Le 28 avril 2021 | Mis à jour le 28 avril 2021

De l’Art nouveau au design d’après-guerre : tour d’horizon des ventes de mobilier

par Interencheres

Les prochaines ventes d’arts décoratifs et mobilier mettent à l’honneur les créations du XXe siècle, de l’Art nouveau au modernisme et design d’après-guerre. Tour d’horizon avec une sélection des pièces emblématiques mises à l’encan jusqu’au 5 mai à Blois, Paris et Villefranche-sur-Saône. 

 

Une sélection de mobilier moderniste et design d’après-guerre

Technique et fonctionnel ou résolument décoratif, le mobilier design revêt une diversité de formes, issues de sources d’inspiration variées. Les prochaines ventes aux enchères illustrent cette richesse stylistique. Le 5 mai à Blois, la maison Pousse-Cornet proposera un fauteuil pivotant modèle « Little tulip » de Pierre Paulin. Estimé entre 700 et 800 euros, le siège du célèbre designer français est habillé d’un beau lainage bleu marine. Six fauteuils en fibre de verre et plastique, dotés d’une garniture de cuir bleu, du designer finlandais Yrjö Kukkapuro seront également mis à l’encan (estimés entre 600 et 800 euros). A Paris, la maison Tessier & Sarrou proposera une table de salle à manger à plateau (estimée entre 7 000 et 9 000 euros), ainsi qu’un bureau à système à structure en métal entièrement recouverte de cuir noir à piqûre sellier du créateur Jacques Adnet (estimé entre 6 000 et 8 000 euros). Lors de cette vente parisienne, les amateurs de l’ensemblier moderniste pourront aussi admirer une belle commode à caisson cubique entièrement gainée de Skaï noir à piqûre sellier. La maison de vente Richard présentera de son côté à Villefranche-sur-Saône une splendide table basse à plateau rectangulaire entièrement recouvert d’une lame en laiton à décor incisé de motifs végétaux créée par Willy Daro.

 

 

Des pièces signées Lalique et Gallé

Les ventes proposent également une belle sélection de pièces emblématiques signées de maîtres de l’Art nouveau. L’étude Tessier & Sarrou proposera à Paris le 30 avril une rare paire de suspensions « Passiflore » en verre moulé pressé imaginée par le célèbre maître verrier René Lalique en 1924 (estimée entre 40 000 et 50 000 euros).

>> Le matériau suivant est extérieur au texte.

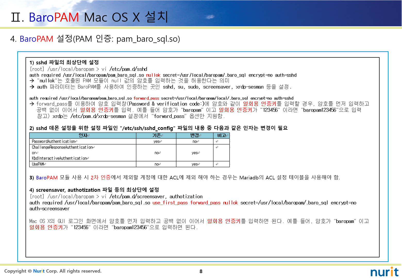 | 정보자산의 보안강화를 위하여 다계층 인증을 위한 BaroPAM 솔루션 설치 요약서(Linux) (0) | 2022.07.21 |
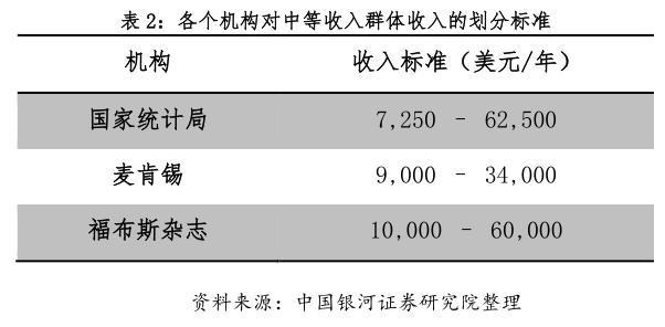 所谓中等收入群体,主要标准除收入外(如表2所示),家庭还应有一定数量储蓄和其他货币资产,人均居住面积稍高于全国平均水平,家庭恩格尔系数为30%至34%左右,家庭成员有旅游健身、观看中高档文艺演出等的愿望和经济能力,有较高技能或谋生能力及较高文化水平等。
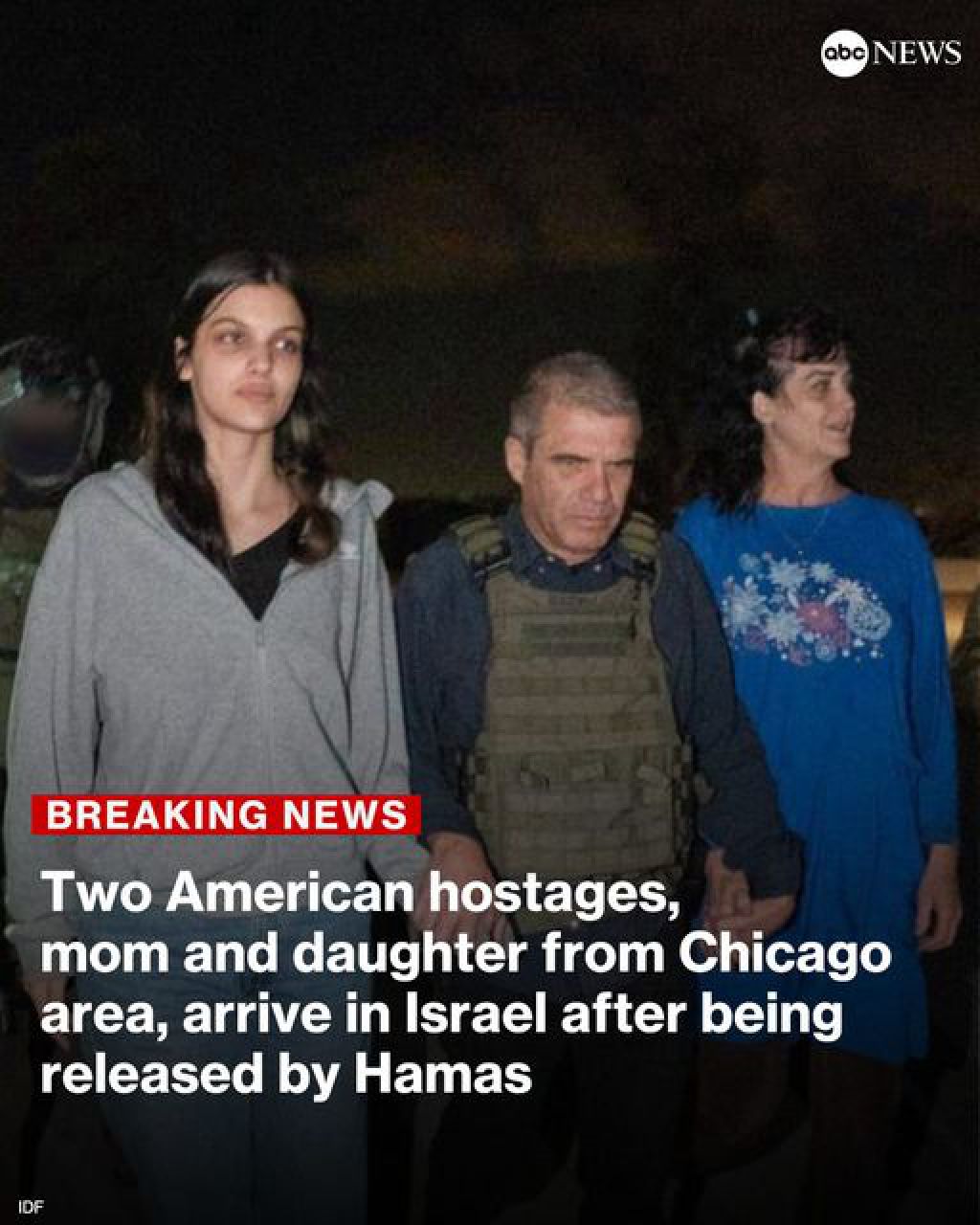 152 Израелското правителство разпространи първата снимка на освободените от „Хамас” двама заложници. Американките Джудит Тай Раанан и Натали Шошана Раанан, които са майка и същеря, бяха пуснати на свобода две седмици след похищението им при атаката на терористичната групировка срещу Израел. На кадъра, публикуван от големите световни агенции, се виждат двете жени, придружавани от израелски военни. Радостната вест за спасението им беше потвърдена и от Белия дом. Американският президент Джо Байдън е провел телефонен разговор с Джудит и Натали, съобщава „Дойче веле“, цитирани от Nova. Те са откарани към сборен пункт във военен лагер в центъра на страната, където ги очакват техни близки. Според официална информация на израелските власти в плен на „Хамас” остават още около 200 души. Може да ви хареса също ЕК: Може да възникнат проблеми с доставките на авиационно гориво Доналд Тръмп изтри публикация, изобразяваща го като Исус Петролът поевтинява в азиатската търговия Унгария официално е определена от Москва като неприятелска държава
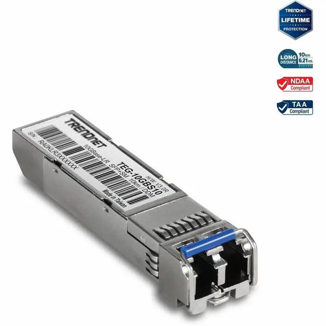 TRENDnets hot-pluggable TEG-10GBS10, 10GBASE-LR SFP+ Single Mode LC Module, works with a MSA compliant SFP+ slot. This Single Mode transceiver spans distances up to 10 km ( 6.2 miles), comes with a LC duplex connector, and supports up to 10.5 Gbps networking throughput speeds. Digital Diagnostics Monitoring (DDM) captures critical device parameters such as transmit/receive power, temperature, and voltage.
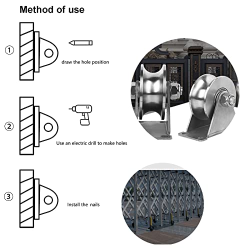 Rotelle Rigide per Cancello, Puleggia a U in Acciaio Inox, Carrucola per Sollevamento, Rullo per Cancello Scorrevole, Ruota in Acciaio per Scanalatura U

A noter que la paire figure au sein du Catalogue raisonné de l’œuvre de verre de René Lalique. Plus accessible, un vase « Nivernais », dit aussi « Cabochons olivés », en verre soufflé-moulé fera aussi partie de la vente (estimé entre 400 et 600 euros). Aux côtés de Lalique, la vente parisienne mettra à l’honneur le travail d’Emile Gallé. Le 30 avril, les collectionneurs retrouveront une paire de vitrines à caisson nervuré en acajou à décor marqueté de motifs floraux, estimée entre 15 000 et 20 000 euros. Le monde végétal rythme aussi le décor de l’étagère « épis de blé », signée Gallé et estimée de 4 000 à 6 000 euros. 

 

 

Des créations rivalisant d’originalité technique et stylistique

Les maisons de vente dévoilent enfin un florilège de pièces plus récentes, au design singulier. Une table sculpture en verre partiellement émaillé et doré datée des années 1990, proposée par la maison Tessier & Sarrou, allie de beaux dégradés de couleurs chaudes sur une structure à la frontière entre la sculpture et la pièce de mobilier (estimée entre 2 000 et 3 000 euros). La maison Richard présentera quant à elle un prototype du vase Costrutto en céramique émaillée noire signé du designer italien Lino Sabattini et arborant une forme des plus atypiques (estimé entre 1 000 et 1 500 euros).